Inzwischen??? 3Dsmax schon seit V2.5 und die ist schon über 10 Jahre alt! Auch Softimage beschleunigt via Direct X... besonders zu erwähnen die dx9/10 realtime shaders


----------



## MysticBinary82 (13. September 2009)

*AW: Radeon 5850/5870 veröffentlicht, Daten + Preise*



Bucklew schrieb:


> Und man sollte auch nicht vergessen, dass alleine die 3dsmax-Software ~5000€ kostet - und damit ja fast ein Schnäppchen ist.


 
Das ist nur eine Einzelplatzlizenz!

Legst noch nen bissel mehr Geld hinzu und schließt eine subscription ab und bezahlst jährlich eine Gebühr, bekommst du die neuste Version immer beim erscheinen.

Das ist bei den GraKas nicht der fall oder?


----------



## bobby (13. September 2009)

*AW: Radeon 5850/5870 veröffentlicht, Daten + Preise*

Ich bin gespannt, wer von euch beiden als erster nachgibt......lol


----------



## MysticBinary82 (13. September 2009)

*AW: Radeon 5850/5870 veröffentlicht, Daten + Preise*



bobby schrieb:


> Ich bin gespannt, wer von euch beiden als erster nachgibt......lol


 
Ich weiß nicht... Heute Sonntag und im Fernsehn nix gescheites...


----------



## Bucklew (13. September 2009)

*AW: Radeon 5850/5870 veröffentlicht, Daten + Preise*



MysticBinary82 schrieb:


> Dann eben nicht... ich hatte das mal gelesen in nem Forum, kann aber auch nen Benutzerfehler gewesen sein.


Möglich, oder halt den V-Sync aktiviert und nicht gemerkt. Haben wir sehr oft, wenn sich Leute über schlechte Benchmarkwerte beschweren.



MysticBinary82 schrieb:


> Da ich und einige andere auch mit Windows arbeiten, macht eine OpenGL Karte kaum sinn.
> Unter Maya will ich dir recht geben, dass wird zumeist unter Mac betrieben.

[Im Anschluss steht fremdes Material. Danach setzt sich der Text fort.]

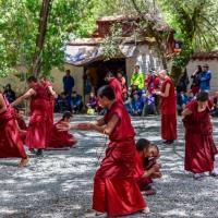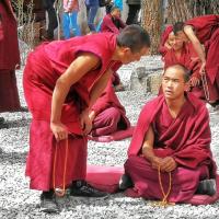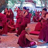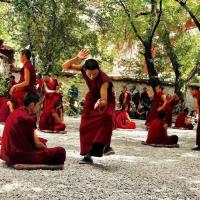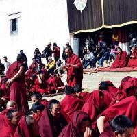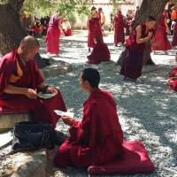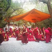 色拉寺的辩经一直在藏区闻名,也是来到色拉寺游览的重点。色拉寺的辩经仪式在寺内最北边的辩经场进行,进入寺庙大门后沿着最宽的道路直行千米左右即可到达,进入辩经场不需另买门票。也不用担心西藏午后超大的太阳,因为辩经场内众多的参天大树,阻挡了高原刺眼炙热的阳光,使这里成为一个清新凉爽的宗教活动舞台。
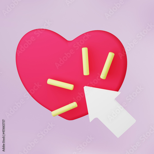 Red heart and hand cursor. 3D illustration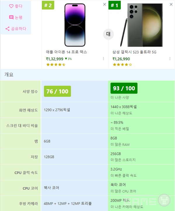 아이폰14와 갤럭시S23 비교 /스마트프릭스(smartprix)

OpenGL hat nichts mit dem Betriebssystem zu tun, sondern einfach nur mit dem zugrunde liegenden Programm. Einige nutzen inzwischen D3D, viele aber nicht. Und für diese braucht man eben zwingend eine OGL-Karte auch unter Windows. Und je teurer und komplexer die Software, desto höher die Wahrscheinlichkeit, dass sie OGL-basierend ist.



MysticBinary82 schrieb:


> Das ausschlaggebende bei den Karten ist aber der Gute Support und weniger die überragende leistung! Deswegen sind die auch so teuer, damit Leute wie du bezahlt werden können. (das soll nicht abwertend klingen)

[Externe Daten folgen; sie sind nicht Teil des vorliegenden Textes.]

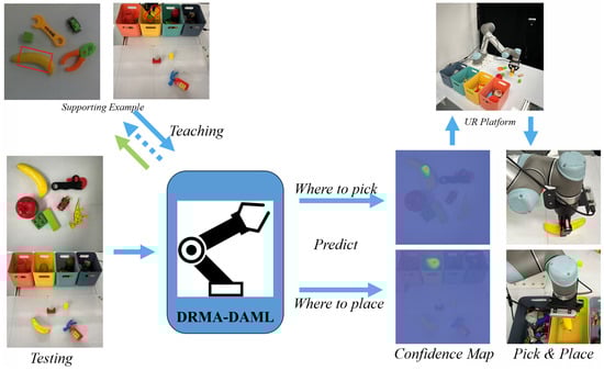 - Finn, C.; Yu, T.; Zhang, T.; Abbeel, P.; Levine, S. One-shot visual imitation learning via meta-learning. In Proceedings of the Conference on Robot Learning, Mountain View, CA, USA, 13–15 November 2017; pp. 357–368. [Google Scholar]

Nein so ist das ja auch. Natürlich kostet es was, wenn ich mich dann hinsetze und versuche den Bug nachzustellen. Das ist natürlich auch einer der Gründe, weil es wie immer ein vielschichtiges Entscheidung ist. Nicht zu vergessen auch die längerfristige garantierte Verfügbarkeit, gerade für Medizin unverzichtbar.



MysticBinary82 schrieb:


> Hat alles seine berechtigung aber wie ich schonmal gesagt habe geht das nunmal nicht in jeder Firma... ich habs nunmal schon erlebt. Mehr kann ich dazu nicht sagen... Da musste ich an nem 600€ PC arbeiten und hab dann jeden Rechner (5 und 3 waren multicore) im Büro zu ner "Renderfarm" zusammen geschlossen... es musste gehen, da das geld für nen ordentlichen multicore server einfach nicht da war.

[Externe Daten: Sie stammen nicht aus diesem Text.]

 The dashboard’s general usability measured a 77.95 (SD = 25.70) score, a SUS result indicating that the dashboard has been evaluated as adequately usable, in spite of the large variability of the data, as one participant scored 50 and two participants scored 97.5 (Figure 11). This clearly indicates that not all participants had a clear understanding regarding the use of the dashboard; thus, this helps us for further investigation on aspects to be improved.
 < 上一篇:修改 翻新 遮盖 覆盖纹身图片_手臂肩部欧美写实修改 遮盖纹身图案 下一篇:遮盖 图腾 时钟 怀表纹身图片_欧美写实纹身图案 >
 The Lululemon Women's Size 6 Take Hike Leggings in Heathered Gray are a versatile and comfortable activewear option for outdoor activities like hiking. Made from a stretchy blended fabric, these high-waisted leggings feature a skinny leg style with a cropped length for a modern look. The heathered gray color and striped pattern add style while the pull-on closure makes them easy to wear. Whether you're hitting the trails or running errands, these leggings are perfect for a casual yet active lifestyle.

 Da stellt sich dann die Frage, ob man wirklich soviel Geld gespart hat. Personal ist ja halt doch deutlich teurer als ein PC.



MysticBinary82 schrieb:


> Inzwischen??? 3Dsmax schon seit V2.5 und die ist schon über 10 Jahre alt! Auch Softimage beschleunigt via Direct X... besonders zu erwähnen die dx9/10 realtime shaders


3dsmax ist dennoch immer noch im OGL-Benchmark enthalten. Sicherlich nicht, weil jeder das Programm nur in D3D benutzt.



MysticBinary82 schrieb:


> Das ist bei den GraKas nicht der fall oder?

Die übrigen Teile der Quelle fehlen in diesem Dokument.